Inspur Releases TensorFlow-Supported FPGA Compute Acceleration Engine TF2

Author: Inspur Electronic Information Industry Co., Ltd / 2023-07-24 13:26 / Source: Inspur Electronic Information Industry Co., Ltd

Inspur Releases TensorFlow-Supported FPGA Compute Acceleration Engine TF2

FREMONT,Calif.,Aug. 25,2018 -- On August 23,at KDD2018 London -- a premier global conference focused on artificial intelligence -- Inspur released the FPGA computing acceleration engine TF2 supporting TensorFlow,which helps AI customers quickly implement FPGAs based on mainstream AI training software and deep neural network model DNN on inference. It delivers high performance and low latency for AI applications through the world's first DNN shifting technology on FPGAs.

At present,using the FPGA technology to achieve customizable,low latency,high performance and high power-consumption ratio for AI inference application has become the technical route adopted by many AI companies. However,before FPGA technology enters into large-scale AI business deployment,there are still many challenges such as high software writing threshold,limited performance optimization,and difficult power control. The goal of Inspur's TF2 Compute Acceleration Engine is to solve these challenges for customers.

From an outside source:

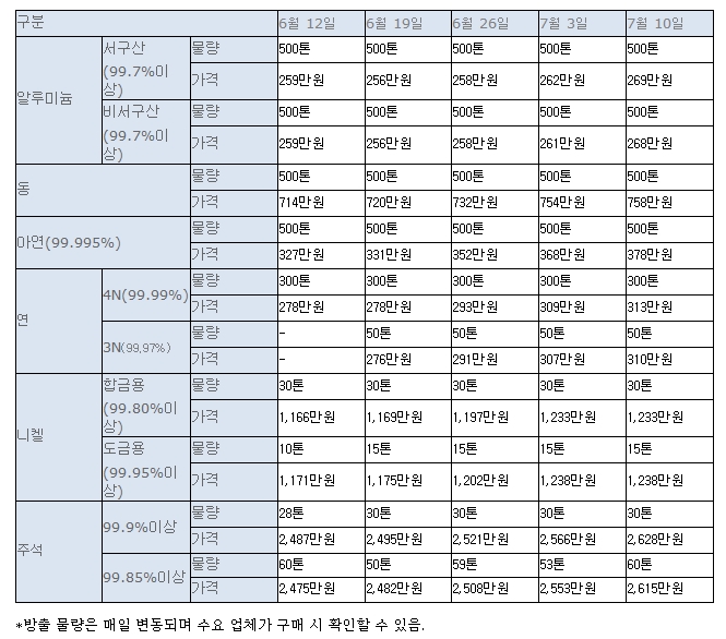 7월 10일 조달청 비철금속 비축물자 방출가격

The TF2 computing acceleration engine consists of two parts. The first part is the model optimization conversion tool TF2 Transform Kit,which optimizes and transforms the deep neural network model data trained by the framework such as TensorFlow. It greatly reduces the size of the model data file,as it can compress 32-bit floating-point model data into a 4-bit integer data model,making the actual model data file size smaller than the original 1/8 and basically keeps the rule storage of the original model data. The second part is the FPGA intelligent running engine TF2 Runtime Engine. It can automatically convert the previously optimized model file into FPGA target running file. In order to eliminate the dependence of deep neural network such as CNN on FPGA floating-point computing power,Inspur designed the innovative shift computing technology,which can quantize 32-bit float-point into 8-bit integer data. Combined with the aforementioned 4-bit integer model data,the conversion convolution operation floating-point multiplication is calculated as an 8-bit integer shift operation,which greatly improves the FPGA for inference calculation performance and effectively reduces its actual operating power consumption. This is also the world's first case of implementing the shift operation of deep neural network DNN on FPGA under the premise of maintaining the accuracy of the original model.

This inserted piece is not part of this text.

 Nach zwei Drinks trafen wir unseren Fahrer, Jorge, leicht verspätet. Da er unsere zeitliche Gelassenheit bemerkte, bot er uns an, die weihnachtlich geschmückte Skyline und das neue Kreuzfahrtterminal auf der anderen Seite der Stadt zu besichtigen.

The SqueezeNet model on the Inspur F10A FPGA card shows excellent computational performance for the TF2 computing acceleration engine. The F10A is the world's first half-height and half-length FPGA accelerator card to support the Arria 10 chip. SqueezeNet is a typical convolutional neural network architecture which is a streamlining model but its accuracy is comparable to AlexNet. It is especially suitable for image-based AI applications with high real-time requirements. Running the SqueezeNet model optimized by the TF2 engine on the F10A,the calculation time of a single picture is 0.674ms while maintaining the original accuracy. It is slightly better than the currently widely used GPU P4 accelerator card in terms of calculation accuracy and delay.

Device

Peak Power

Date Type

Top1

Top5

FPS (images/s)

F10A

45W

INT8

57.62%

79.98%

1484

75W

FP32

58.14%

80.79%

1323

75W

INT8

56.79%

79.76%

1456

TF2 w/ F10A VS GPU

The Inspur TF2 computing acceleration engine improves the AI calculation performance on the FPGA through the technical innovations such as shift calculation and model optimization,and lowers the AI software implementation threshold of the FPGA. It supports the FPGA to be widely used in the AI ecosystem to promote more AI applications. Inspur plans to open TF2 to its AI customers,and will continue to upgrade and develop optimization technologies that can support multiple models,the latest deep neural network model and FPGA accelerator cards using with the latest chip. It is expected that the performance of the next-generation high-performance FPGA accelerator card will be three times of F10A.

Inspur is the world's leading AI computing platform provider,offering a four-layer AI stack of computing hardware,management suite,framework optimization,and application acceleration to build an agile,efficient,and optimized AI infrastructure. Inspur has become the most important AI server supplier for Baidu,Ali and Tencent,and has maintained close collaboration in systems and applications with leading AI companies such as Iflytek,SenseTime,Fac++,Toutiao and Didi. Inspur strives to help AI customers achieve maximum application performance improvement in voice,image,video,search engine,and network. According to IDC's 2017 China AI Infrastructure Market Research Report,Inspur's AI server market share reached 57% in the last year.